> [What to do]
Word for word, and with pictures excluded, copy out all the records that follow.

> [Data records]
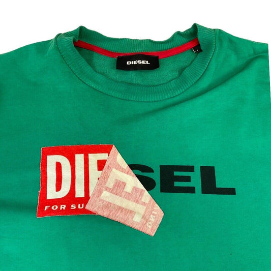 Vintage 00s Green Red Diesel Spellout Box Logo Crew Neck Jumper XL
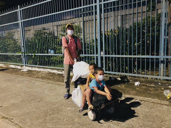 Đặt hai đứa con (đứa lớn gần năm tuổi, đứa nhỏ gần ba tuổi) lên chiếc xe tự chế bằng gỗ, anh Đặng Văn Liêm (43 tuổi, ngụ tại huyện Trảng Bom, tỉnh Đồng Nai) thở dài: “Suốt bốn tháng nay tôi mất việc, chỉ quanh quẩn ở nhà, tiền bạc không có. Đồ ăn giúp cả gia đình sống cầm cự mấy tháng qua đều do các nhà hảo tâm hỗ trợ. Tôi cùng hai đứa con đã bắt đầu đi bộ về quê từ Trảng Bom, Đồng Nai lúc 10h sáng. Bây giờ đã gần 21h tối rồi mà mấy cha con mới đi tới Bình Chánh thôi”.
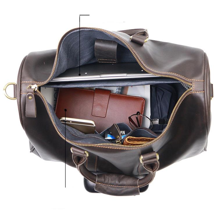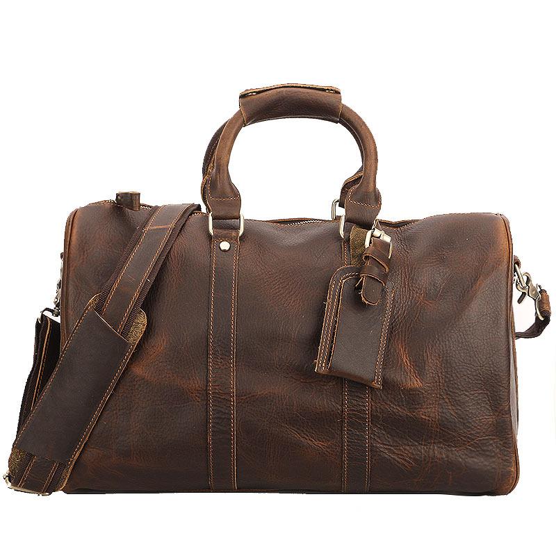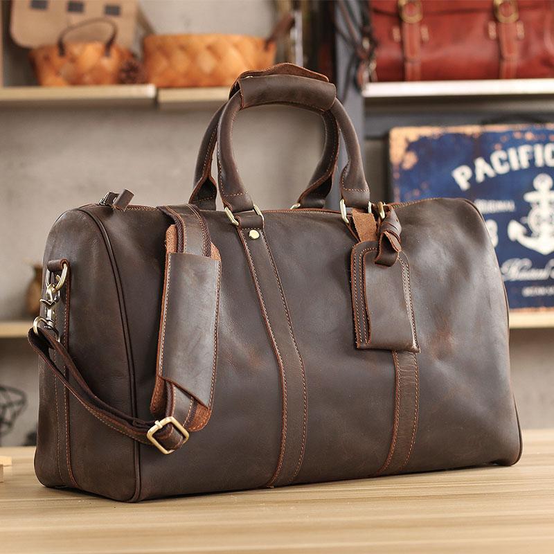 Style: Black Leather Mens Casual Large Travel Bags Shoulder Weekender Bag Duffle Bag For Men
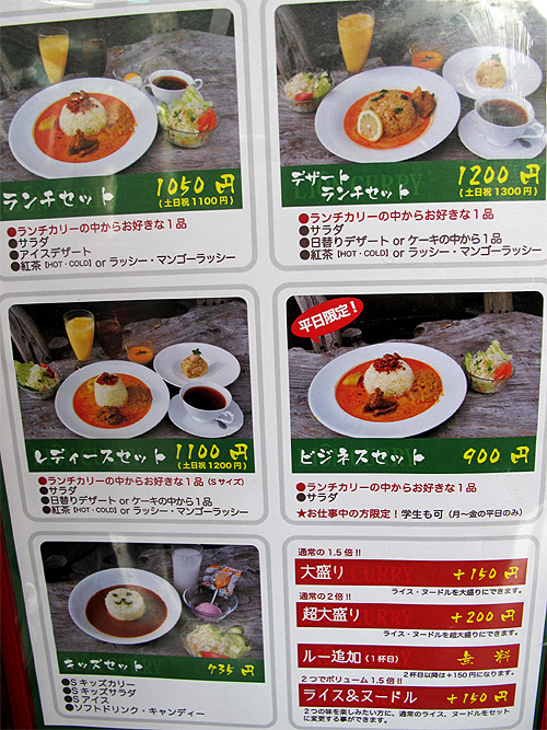 平日限定のビジネスランチ(カリーとサラダ)900円やお子様セットもあります。
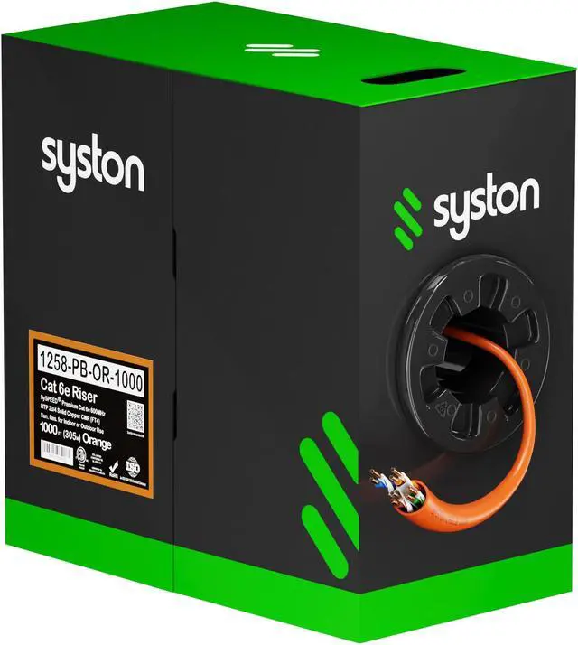 SYSTON CABLE TECHNOLOGY CAT 6E Ethernet Bulk Cable, 600MHz, 23/4pr Solid CU, CMR, Indoor/Outdoor 1000 ft. Orange
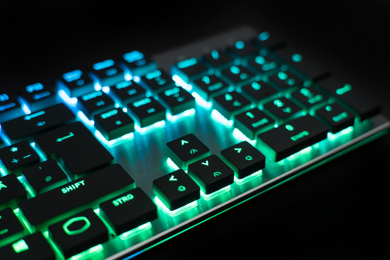 扁平的键帽采用Chiclet布局,Cooler Master SK651不仅可以快速打字,而且手腕轻柔。由于外壳的额外的最小倾斜度意味着接头不会承受太大的压力,因此可以更符合人体工程学地工作。它们也是坚固耐用且经久耐用的PBT双键键帽。
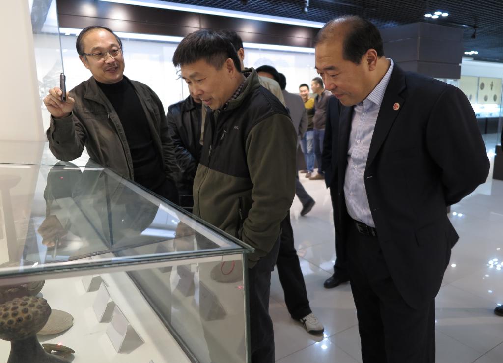 本站訊 2016年10月25日下午,河南省教育廳高校新生入學資格復查小組王文臣、王宏偉等領導一行來大觀博物館參觀,我校黨委副書記儲建新、工會主席成芳等領導陪同。

> [Output for this task]
 Vintage 00s Green Red Diesel Spellout Box Logo Crew Neck Jumper XL
 Đặt hai đứa con (đứa lớn gần năm tuổi, đứa nhỏ gần ba tuổi) lên chiếc xe tự chế bằng gỗ, anh Đặng Văn Liêm (43 tuổi, ngụ tại huyện Trảng Bom, tỉnh Đồng Nai) thở dài: “Suốt bốn tháng nay tôi mất việc, chỉ quanh quẩn ở nhà, tiền bạc không có. Đồ ăn giúp cả gia đình sống cầm cự mấy tháng qua đều do các nhà hảo tâm hỗ trợ. Tôi cùng hai đứa con đã bắt đầu đi bộ về quê từ Trảng Bom, Đồng Nai lúc 10h sáng. Bây giờ đã gần 21h tối rồi mà mấy cha con mới đi tới Bình Chánh thôi”.
 Style: Black Leather Mens Casual Large Travel Bags Shoulder Weekender Bag Duffle Bag For Men
 平日限定のビジネスランチ(カリーとサラダ)900円やお子様セットもあります。
 SYSTON CABLE TECHNOLOGY CAT 6E Ethernet Bulk Cable, 600MHz, 23/4pr Solid CU, CMR, Indoor/Outdoor 1000 ft. Orange
 扁平的键帽采用Chiclet布局,Cooler Master SK651不仅可以快速打字,而且手腕轻柔。由于外壳的额外的最小倾斜度意味着接头不会承受太大的压力,因此可以更符合人体工程学地工作。它们也是坚固耐用且经久耐用的PBT双键键帽。
 本站訊 2016年10月25日下午,河南省教育廳高校新生入學資格復查小組王文臣、王宏偉等領導一行來大觀博物館參觀,我校黨委副書記儲建新、工會主席成芳等領導陪同。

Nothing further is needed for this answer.